Due to a scheduling conflict, I was in Scottsdale teaching an Agile Project Management course for the PMI SeminarsWorld program during the awards ceremony, so I missed the event. After 3 years of involvement on the project this was unfortunate to say the least, but our IT manager and a business SME who had both worked much longer than myself on the project were there to receive the award so that was good.
The fact that an agile project won a PMI Project of the Year Award never came up. The 10 page submission asked for lots of details on risk management, planning, estimating, tracking, etc and the agile accounts for these processes obviously met the review panel criteria. My hope is that in 5-10 years time the term “agile project management” will not be talked about in our industry and instead we just have broader set of generally accepted project management tools at our disposal.
Anyway, I am super happy that we received this award, the project was a long struggle made worthwhile and rewarding by the great people involved.
(Attached below are a couple of slides used at the Awards Gala to summarize the project.)
Download IPS Overview-1
Mike,
Congratulations.
How do the activities described in your post match with the Agile Manifesto?
Were those Function Points calibrated according to IFPUG or COSMIC guidelines? If so, what was the attributable cause for a 6 standard deviation from the mean for this performance?
Posted by: Glen B Alleman | November 16, 2010 at 07:32 AM
Who is the author of this article, who was the team lead? Congratulations but would like to know who to congratulate!
Posted by: Tom Sheives | November 16, 2010 at 07:53 AM
Hi Glen,
Thanks, comparing the agile manifesto and agile principles to what we did on the project, I see no major gaps. The manifesto values and principle are rightly broad by definition, and we did everything they describe, but as a side effect to practical working rather than as a goal for our approach.
I counted the function points following IFPUG guidelines, in a previous role for IBM, I spent a while counting function points for IBM clients. I am not a big fan of function point counting because they require a high effort to count accurately and fail Dan Reintersen’s “Self generating, simple, and relevant to the end goal” definition of a good project metric. We tracked them on the project as part of making a business case for retaining team members during an attempt to downsize the team and replace some expensive resources with cheaper ones. Function points were understood by the IT management team and so I used them to illustrate how well the current team was performing and how a switch to market average rates and performance would likely be a net loss.
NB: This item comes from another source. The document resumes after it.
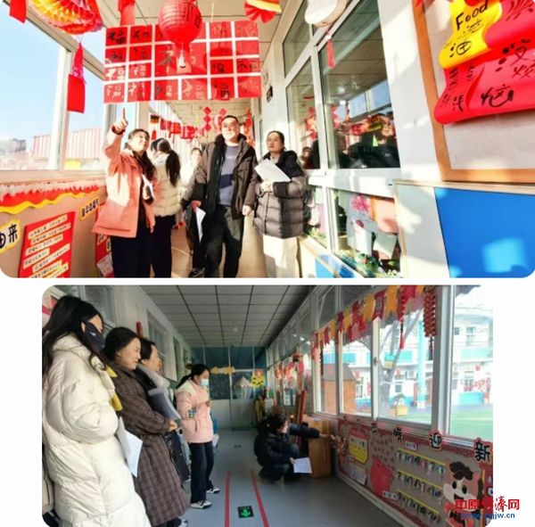 老师们对新年环创细致观摩、认真记录。她们不仅看创意与美感,更关注环境与幼儿的互动:那些可触到的墙面作品,那些留有孩子探索痕迹的儿童作品,那些由师幼共同完成的主题布置……每一处细节,都诉说着“儿童本位”的育人理念。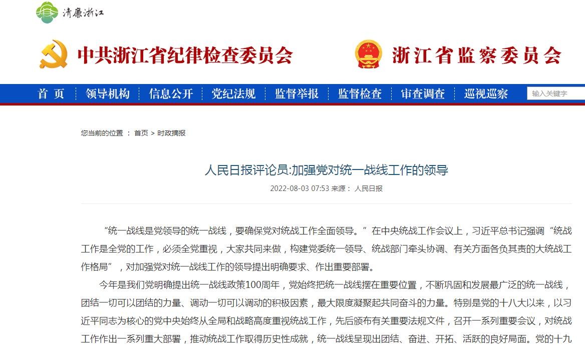 中共浙江省纪律检查委员会、浙江省监察委员会,人民日报评论员:加强党对统一战线工作的领导

I think looking to the approach we used to get these great results might be missing the bigger picture. Barry Boehm’s COCOMO model rates the People Factors on projects as an effort factor of 33; it also rates “Processes and Tools” as a factor of 3. These numbers suggest having the best people on your team is an order of magnitude more important (33 vs 3) than the process or tools you happen use.
Over the last 16 years I have worked on many agile projects, some following agile guidelines very closely, others only loosely. What was special for me about this project was the calibre and cooperation exhibited by the team and the support from the business.
Best regards
Mike
Posted by: Mike Griffiths | November 16, 2010 at 10:24 AM
Hi Tom,
Thanks for dropping by, I (Mike Griffiths) was the author and lead for the IPS team. Posting to this site used to insert a "posted by" name, but no longer appears to, the secrecy was not intended!
Best regards
Mike
Posted by: Mike Griffiths | November 16, 2010 at 03:16 PM
Mike,
I don't have any specific questions. I just wanted to offer a sincere congratulations.
It's nice to hear of your success story.
Again, congratulations to you and your team!
Posted by: Derekhuether | November 18, 2010 at 06:08 AM
Hi Derek,
Thanks, and thanks too for your offer to assist with the PMBOK 5 work.
Best regards
Mike
Posted by: Mike Griffiths | November 18, 2010 at 07:35 AM
Mike,
COSMIC not COCOMO. And which version of COCOMO are you using?
Posted by: Glen B Alleman | December 04, 2010 at 01:43 PM
Glen,
As I said, the function points were counted based on IFPUG guidelines, not COSMIC, The COCOMO figures I discussed are from the COCOMO II model.